De koning van het hertenkamp in het Boeremapark is z’n kroon verloren! Vandaag heeft de hertenbok z’n gewei ‘afgeworpen’ en daarmee ook flink aan gezag ingeboet. De dames wachten niet meer af, maar eten nu samen met de bok uit de trog.
Damherten hebben een zogenaamd schoffelgewei dat ze elk jaar in de maand april / mei ‘afwerpen’. Hormonen zorgen er voor dat vanuit het bloed een laagje beenoplossende cellen wordt gevormd tussen de verbinding van het gewei en de kop. Meteen na het afwerpen begint een nieuw gewei alweer aan te groeien. Na het afwerpen van het gewei heeft de bok bloederige breukwonden op de plaatsen waar het gewei op zijn kop heeft gezeten. Dat is goed te zien op de foto. Het bloed droogt vrij snel op waarna de wond zich rondom met huid begint te sluiten. Dat is het begin van de groei van een nieuw gewei.
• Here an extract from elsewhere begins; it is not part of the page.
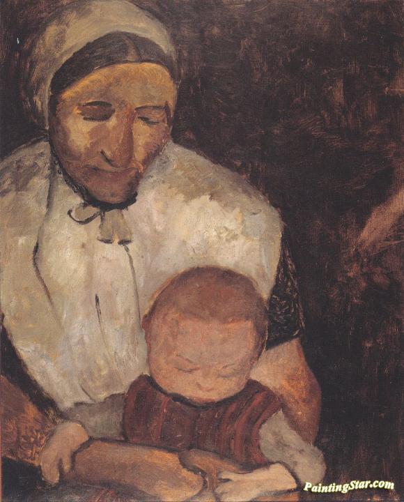Seated Peasant Woman with Child on Her Lap, Art Painting by Paula Modersohn-Becker

De groei van het gewei wordt, net als het afwerpen, door hormonen bepaald. Vanuit de slaapslagader wordt bloed met bouwstoffen toegevoerd naar de fluweelachtige huid om de nieuwe beenmassa. In die huid lopen veel bloedvaten voor de aanvoer van groeistoffen, om het nieuwe gewei te voeden. De basthuid wordt in augustus / september afgeschuurd. Herten zijn heel voorzichtig in de tijd dat het gewei zich ontwikkeld om het niet te beschadigen.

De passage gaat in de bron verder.